Далее следовало обвинение в жлобстве всей русской (вернее, российской, ибо в цивилизованном обществе, по убеждению автора, людей не называют по их национальности) интеллигенции. Особенно злой критике подвергалась та ее часть, что исповедует идею Достоевского о всечеловеческом духе русского народа, о его восприимчивости и дружественном интересе к другим народам и культурам. Автор называл это ветхой ширмой для прикрыти расовой нетерпимости и великодержавного шовинизма. Много цитируя (в основном из давнишнего сборника Вехи), он доказывал, что интеллигенция всегда учила народ дурному: завидовать, ничему не верить, бунтовать, проливать кровь - вместо того чтобы воспитывать в нем послушание и трудолюбие. Интеллигенция настолько привыкла отрицать и говорить нет, что даже теперь, когда к власти пришли реформаторы, она не желает воспользоваться последним, может быть, историческим шансом спасения страны и поддержать правительство. Оказывается, позиция отрицания просто наиболее удобна и выгодна интеллигенции, ибо позволяет ей ничего не делать, не пачкаться и тем самым ни за что не отвечать. В этой традиции, идущей от Радищева, декабристов и нытиков вроде Чаадаева, и выявляется ее, интеллигенции, гнила сущность.

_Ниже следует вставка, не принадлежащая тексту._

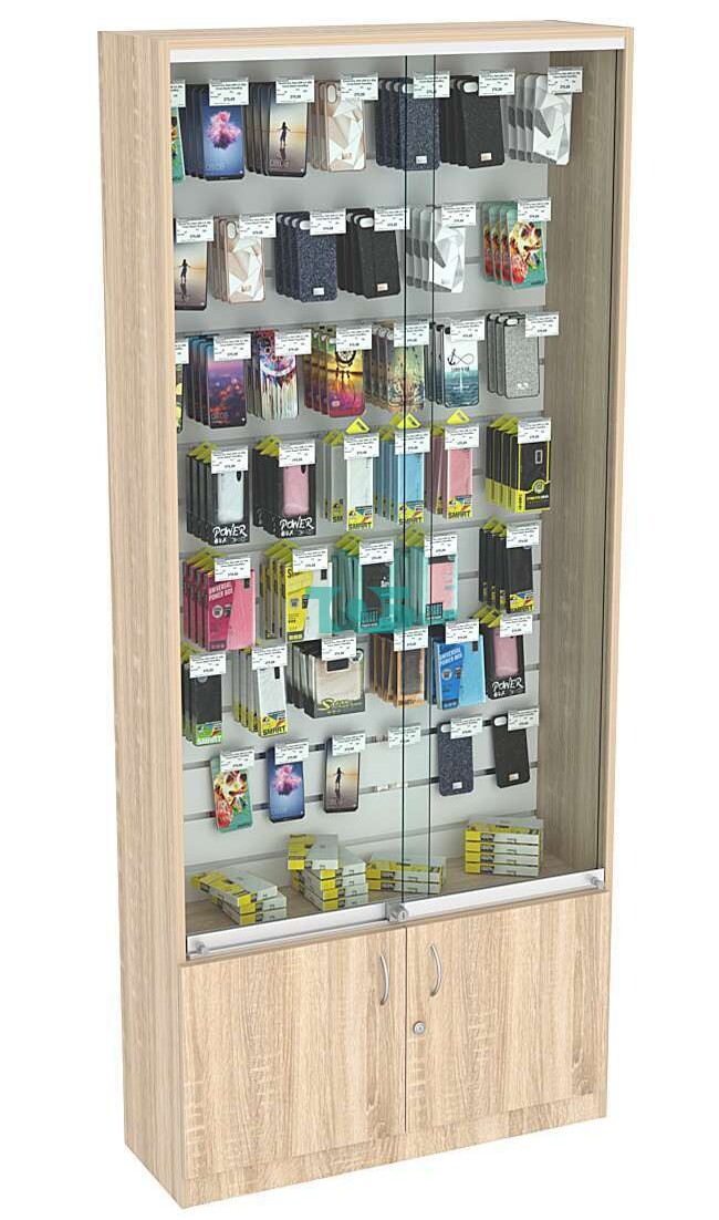 Нижнее отделение: в нижней части витрины расположена распашная дверь с замком, что позволяет организовать хранение товаров и обеспечить их безопасность.

Тут я словно услышал голос Варзиковой, твердившей на всех углах и перекрестках, что интеллигенции пора наконец перейти от конфронтации к тесному сотрудничеству с властью.

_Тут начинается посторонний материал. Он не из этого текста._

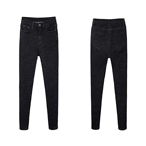 Koitniecer Jeans Foderati in Pile da Donna Pantaloni in Denim di Flanella Termica Pantaloni Invernali in Leggings Elasticizzati Aderenti Caldi con Tasca (Black, Medium)

Далее автор статьи безжалостно расправлялся с самим понятием интеллигенция, аналогов которому он не находил ни в одном языке цивилизованного мира. Этот русизм обозначал, по его мнению, малопрофессиональную, духовно нищую и даже враждебную культуре часть российского населения. Именно от нее, от ее слезливой жалости к так называемому маленькому человеку, пошла иде уравнительного распределения, приведшая в конце концов к братоубийственным распрям и к гибели Государства Российского. Эта по сути своей жлобская идея была охотно подхвачена толпой и превратила нацию в стонущих паразитов, только и высматривающих, где бы что стырить или нажраться задарма. Морализаторство этих корыстолюбивых юродивых, этих толстовствующих фанатиков, называющих себ интеллигентами, угрожало мировой цивилизации и культуре. Толстой, Достоевский и народники глубоко ошибались: у простого народа нет никаких глубоких истин, никакого особенного образа жизни, ничего самоценного. Большинство людей - рабы по природе, и, если их освобождают от цепей, они не имеют ни нравственных, ни интеллектуальных сил, чтобы нести за себя ответственность. Тем более не способны на это жалкие, не уверенные в себе российские интеллигенты, у которых всегда что-то не в порядке с совестью. Роль организатора новой жизни в России должна принадлежать устойчивой элите. Формирование такой элиты - первая задача всех интеллектуальных сил страны.
Все это излагалось уверенно, свежо и задиристо. Мысли образованного автора были правдоподобны и оттого опасно заразительны, хот в них не было ни крупицы истины. Я люблю яростных и ненавидящих, без ярости в нашей несчастной стране не вырастает ничего живого, я и сам грешен, но тут мне открылось иное: высокомерное отчуждение, непонимание, нелюбовь. Как когда-то в Оксфорде во время обсуждений в профессорском кругу последних новостей из России, мне хотелось вскочить и заорать, что все совсем не так...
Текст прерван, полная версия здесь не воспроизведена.